"Star Wars Celebration" is off and running in London, giving "Star Wars" fans some exciting reveals, including a goosebump-inducing moment featuring Grand Admiral Thrawn in the "Ahsoka" trailer that could tease a legendary storyline from Timothy Zahn's "Heir to the Empire" trilogy.
Lucasfilm's Studio Showcase with major movie announcements was a large success, followed up by a panel focusing on the making of the first season of "Andor," complete with Tony Gilroy, Diego Luna and composer Nicholas Britell in attendance. "Andor" introduced a grittier, more adult version of the galaxy and, as such, the music had to reflect the seedy intrigue and more tragic aspects of the series. Britell, who also composes the music for "Succession," spoke about the need to expand upon the existing iconic themes to better serve characters that are a little more nuanced. The composer explained:
"The first conversations were really amazing in the sense of the freedom and openness to explore new sound worlds potentially. How can we be really specific to this story and these characters? What is it about this that feels a certain way?"
From the opening crawl of "A New Hope," the music of John Williams starts off at the ultimate crescendo that immediately sets the tone for an epic space adventure. For Britell and Gilroy to get the music just right in "Andor," they wound up starting at the end of the story and worked backwards from there. Instead of using Williams' brilliant blueprint and a sweeping orchestra, Britell started with the real world music that was actually on screen being played by the actual inhabitants living under the thumb of the Empire.
Beginning At The End
In the past, "Star Wars" has used on-camera, or diegetic music, in celebratory fashion, showing Ewoks beating their drums at the end of "Return of the Jedi" or a triumphant Gungan parade during the finale of "The Phantom Menace." In "Andor," one of the best examples of diegetic music was at the funeral of Cassian's mother that serves as both a fitting tribute and a call to arms. At the panel for season 1, Britell talked about using that scene to crack the code for the entire score:
"And the literal starting point was actually the on camera music because that had to be filmed and we had to figure that out before we did anything. So, the actual first piece I remember writing was the funeral band ... From that moment, I think we felt like we had a sense of how things might feel."
Starting from a darker place like Marva's funeral allowed "Andor" to find its footing and gave Britell a real sense of how to compose the rest of the score:
"I think the really exciting thing was creating an architecture for saying to ourselves, 'Oh, if this is how we can feel in episode 12, how can we then map it back to episode one?' So there's this constant thread through the whole thing. For me, with 'Andor,' I think with everyone here, there was this constant sense of how everything connects and how everything ties together. As a composer, I think that was really inspiring for me."

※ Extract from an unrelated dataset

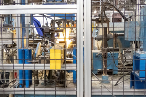 溶接では、部品間にろう材を流し込み内側から溶接する「ろう付」、溶接棒を電極とする熱を発生させて母材と溶接棒を溶かして結合する「MAG」、タングステンを電極とする熱を発生させて母材と溶加材を溶かして結合する「TIG」の3工程。MAG溶接では自動ロボットが効率良く生産していきます。

'The Elephant In The Room'
As a composer stepping into the "Star Wars" universe, it has to be incredibly daunting to pave your own way within the same musical realm as the original trilogy. Tony Gilroy chimed in about moving slightly away from the compositions that have become such a part of our cinematic language:
"The elephant in the room is John Williams. There's this huge, gigantic brilliant vocabulary that's already, this grammar that's already been described. And we're going to upend that, and boy oh boy, we better have a good answer for what we're doing."
The music in "Andor" had to walk a tough line by trying to do something different while still staying true to what's come before. "Our music really needs to be... it can never be cynical, it always has to be legit, and it has to feel like it belongs in 'Star Wars,'" said Gilroy. Scoring the entire series became much more laborious than Gilroy and Britell could have possibly imagined. In fact, all of season 1 contains "about seven and a half hours of music," according to the musician. "So it felt like we were making movie after movie after movie, actually."
Everything seemed to click into place during that episode 12 funeral scene, with Britell revealing that the "Andor" theme was "initially written for the funeral" and then repurposed. He also referenced the moment when Cassian finds out his mother has passed away and how delicately they waited to bring in the score. "We didn't have the music come in right away. We actually wanted him to feel so alone the music isn't even present, and you're just hearing the wind kind of go by."
Gilroy reiterated again that season 2 will go directly into the beginning of "Rogue One" just before the first footage was revealed to close out the panel, and we can't wait to hear the music they come up with next.